UX designer and entrepreneur Sarah Parmenter talks to Martin Cooper about success, the web design limelight and speaking up for herself.
Leigh-on-Sea is a coastal town near Southend-on-Sea. After the bustle, concrete and lead-laden air of London, Leigh feels slower, cleaner and somehow cared for. It's like a welcome trip back in time to when Harold Macmillan and Tony Hancock were the stuff of headline news.
Despite its appearances, Leigh is the centre of a thriving web industry and we're here to discuss life online with one of its leading lights: Sarah Parmenter. We find her sat outside a coffee shop, working on a huge MacBook Pro and sipping from an oversized coffee cup.
The idyll is, however, put on pause when we begin by asking Parmenter what the web industry is really like. "Barbie's on stage", she mimics, almost standing up to add greater emphasis. "What, because I've got blonde hair? You're smart. Try again. Try another comment, " she laughs, relaxes, sips and then glances at her computer.

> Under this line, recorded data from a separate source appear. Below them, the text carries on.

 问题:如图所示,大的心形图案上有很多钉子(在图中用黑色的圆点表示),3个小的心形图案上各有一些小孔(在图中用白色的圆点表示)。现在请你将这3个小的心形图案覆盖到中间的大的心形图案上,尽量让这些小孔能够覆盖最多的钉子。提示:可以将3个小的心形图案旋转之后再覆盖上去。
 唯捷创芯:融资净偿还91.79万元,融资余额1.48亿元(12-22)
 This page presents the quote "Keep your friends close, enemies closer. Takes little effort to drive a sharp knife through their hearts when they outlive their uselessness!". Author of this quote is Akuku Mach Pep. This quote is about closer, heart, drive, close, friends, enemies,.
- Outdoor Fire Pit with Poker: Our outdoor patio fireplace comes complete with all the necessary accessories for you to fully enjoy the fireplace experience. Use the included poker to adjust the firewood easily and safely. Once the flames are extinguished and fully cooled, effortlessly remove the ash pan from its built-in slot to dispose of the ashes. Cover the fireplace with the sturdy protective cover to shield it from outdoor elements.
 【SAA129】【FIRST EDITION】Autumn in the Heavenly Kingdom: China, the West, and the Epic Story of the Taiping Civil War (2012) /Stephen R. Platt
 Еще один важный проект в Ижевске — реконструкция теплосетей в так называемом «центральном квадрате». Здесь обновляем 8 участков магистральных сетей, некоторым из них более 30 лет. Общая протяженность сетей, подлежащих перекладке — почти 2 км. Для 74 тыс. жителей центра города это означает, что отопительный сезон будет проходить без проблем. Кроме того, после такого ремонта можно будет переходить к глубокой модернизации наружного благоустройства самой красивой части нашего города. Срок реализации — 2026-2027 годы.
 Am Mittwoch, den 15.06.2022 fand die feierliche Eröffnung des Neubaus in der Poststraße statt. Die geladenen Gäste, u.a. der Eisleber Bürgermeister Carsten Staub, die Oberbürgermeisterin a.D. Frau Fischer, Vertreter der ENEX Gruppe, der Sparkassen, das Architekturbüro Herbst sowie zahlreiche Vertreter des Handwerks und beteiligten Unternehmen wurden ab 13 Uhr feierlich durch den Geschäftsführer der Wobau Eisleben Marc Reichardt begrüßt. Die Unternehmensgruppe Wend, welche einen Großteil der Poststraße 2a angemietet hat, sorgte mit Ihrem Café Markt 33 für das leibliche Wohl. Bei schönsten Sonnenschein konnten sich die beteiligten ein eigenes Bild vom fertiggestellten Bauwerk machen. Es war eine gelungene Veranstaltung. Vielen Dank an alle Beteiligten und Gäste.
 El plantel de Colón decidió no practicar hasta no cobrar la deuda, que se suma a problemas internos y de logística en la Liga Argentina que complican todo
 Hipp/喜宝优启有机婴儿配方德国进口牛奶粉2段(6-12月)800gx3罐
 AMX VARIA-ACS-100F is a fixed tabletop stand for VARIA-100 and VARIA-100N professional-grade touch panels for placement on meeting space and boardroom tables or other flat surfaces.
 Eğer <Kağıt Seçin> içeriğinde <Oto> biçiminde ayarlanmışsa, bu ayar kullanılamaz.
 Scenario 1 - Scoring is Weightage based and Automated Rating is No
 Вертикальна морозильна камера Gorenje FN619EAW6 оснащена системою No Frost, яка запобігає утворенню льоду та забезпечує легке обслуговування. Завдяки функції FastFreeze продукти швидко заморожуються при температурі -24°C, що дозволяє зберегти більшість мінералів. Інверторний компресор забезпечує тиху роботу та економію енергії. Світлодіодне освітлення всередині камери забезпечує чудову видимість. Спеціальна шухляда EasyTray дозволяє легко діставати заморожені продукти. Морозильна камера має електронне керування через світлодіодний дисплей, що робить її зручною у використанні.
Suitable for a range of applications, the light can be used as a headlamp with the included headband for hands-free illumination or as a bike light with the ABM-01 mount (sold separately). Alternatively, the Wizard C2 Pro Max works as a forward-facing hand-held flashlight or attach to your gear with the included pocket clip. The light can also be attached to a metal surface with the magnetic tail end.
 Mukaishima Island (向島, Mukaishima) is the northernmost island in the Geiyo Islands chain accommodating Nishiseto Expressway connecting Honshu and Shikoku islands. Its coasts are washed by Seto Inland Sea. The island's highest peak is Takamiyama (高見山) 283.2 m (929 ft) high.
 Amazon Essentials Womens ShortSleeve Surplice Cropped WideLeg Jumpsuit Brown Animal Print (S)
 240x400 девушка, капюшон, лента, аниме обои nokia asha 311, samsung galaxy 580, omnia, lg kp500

"I get it all the time," she continues. "It happens every time before I step up on stage. It doesn't matter where I am, there will be comments about what I've chosen to wear. I have to pick my outfits ridiculously carefully before I go on stage at web conferences. If you wear a skirt, you're antagonising. If you wear a low cut top, you're antagonising. If you dare do your hair, you're vamping. There's a long list of everything they could get you on."
You'd be forgiven for wondering why she persists in 'putting herself out there', to use her term. (Read Parmenter's now famous blog post, 'Speaking Up'). However, stopping would be giving up. And 'giving up' clearly isn't in Parmenter's vocabulary.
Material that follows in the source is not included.